Последние два месяца гальванически дергаюсь от каждого звонка телефона, от каждой эсэмэски. Хороших новостей нет. Состояние Антона все хуже: вслед за зрением и слухом отказывают речь, память. Хуже новостей с фронта борьбы с болезнью только новости из интернета, особенно когда и туда прорывается болезнь. Повезло, что работы невпроворот, так что времени на интернет почти не остается. По от реального мира не убежишь, и вот опять звонок от Маши: “Прилетай скорее Полнейшее дежавю. Опять срочный перелет в Нью-Йорк. Сразу из аэропорта – в больницу. В нос бьет запах отделения интенсивной терапии. Он какой-то специфический, и от него сразу становится страшно. Возникает ощущение, что я нахожусь у койки Антона с ноября прошлого года, и чудесное возвращение брата к жизни после комы, борьба с осложнениями, трансплантация, прогулки по Нью-Йорку и окрестностям, вообще надежда на дальнейшую нормальную жизнь мне только приснились.

Антон на аппарате искусственного дыхания. Правда, к моему приезду он уже в сознании. К ночи дыхание стабилизируется, трубки вынимают, обессиленный Антон засыпает. Утром уже обычная палата, обход врачей. Но лица нерадостные: “Да, мы смогли ему сейчас помочь, мы сделаем все, чтобы он не испытывал страданий, но ничего, кроме паллиативной терапии, предложить не можем”.

Сколько раз врачи (сначала в России, а потом и в США) это говорили – “Ничего больше сделать не можем”, – я уже и не берусь вспомнить.
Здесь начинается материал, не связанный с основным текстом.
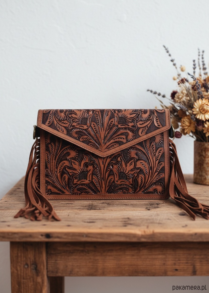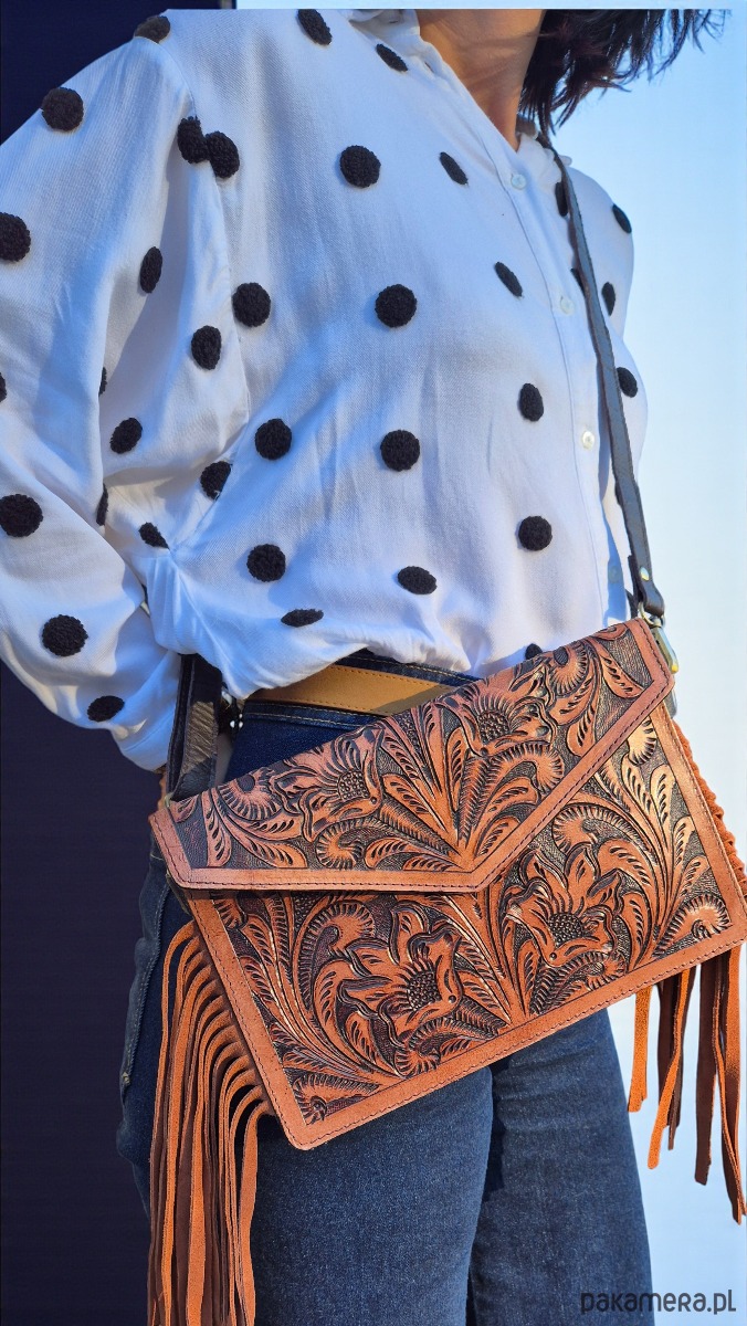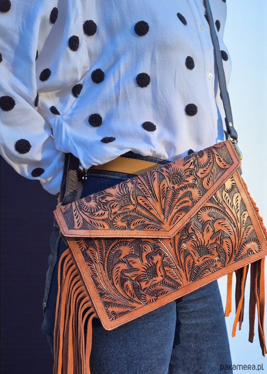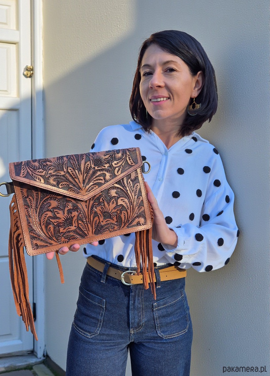 Ręcznie robiona torebka skórzana zdobiona rzeźbieniem w skórze, które nadaje jej wyjątkowy, artystyczny charakter. Torebka posiada odpinany pasek. Wykonana z wysokiej jakości skóry zapewnia trwałość i elegancki wygląd na lata. Zdobienie rzeźbione w detalach podkreśla niezwykły charakter torby. Wnętrze torby zaprojektowano tak, aby mieściło niezbędne drobiazgi, a jednocześnie zachowało kompaktowy profil. Dzięki uniwersalnej kolorystyce torba świetnie komponuje się z casualowymi i eleganckimi stylizacjami. Idealny wybór dla osób ceniących rękodzieło, praktyczność i wyjątkowy design.

Отличался их прогноз только в сроках. Сначала “годы”, потом – “месяцы”, “недели”. Единственное, что объединяет их прогнозы: Антон все их опровергал раз за разом, доказывая свою уникальность. Жаль только, что и в “выборе” болезни он столь же уникален. Его случай восемнадцатый в истории североамериканской медицины за двадцать лет. Семнадцати предыдущих пациентов уже нет в живых. Остается надеяться, что Антон опять окажется уникальным.

Дима[32]

Я всегда верила, что жизнелюбие Антона победит эту проклятую болезнь. Когда в мае 2014-го доктор сказала, что шансов нет, а время пошло на месяцы, что это – конец, л «е поверила этому, не хотела верить. Потому, что мы строили планы на жизнь. Мы уже мечтали, как вернемся домой, как будем счастливы в нормальной, не больничной обстановке. И тогда, в мае, я не верила.

Я думала, мы в очередной раз справимся. Придумаем что-нибудь. Найдем другие клиники, лучших докторов. А может, просто произойдет чудо, и рак исчезнет, ведь Антон столько перенес, так долго и упорно лечился, несколько раз находился на грани жизни и смерти. И всегда выкарабкивался наверх.

После стало понятно, что мрачный прогноз – правда. Антон понимал, что это – правда. Что шансов нет. Да, он искал варианты. Но понимал: их нет. Я опять же не верила. Никак не могла понять, почему так происходит. Я ждала чуда, но оно не происходило.

Состояние стремительно ухудшалось. Антон уже не всегда оставался собой. Это было страшно. Он не мог ходить, врачи отказались его лечить, отправляли в хоспис. Никто из нас не хотел в хоспис. Для нас это было равносильно слову “смерть”. Но я не хотела сдаваться, я верила, что все еще можно исправить, если найти правильный путь.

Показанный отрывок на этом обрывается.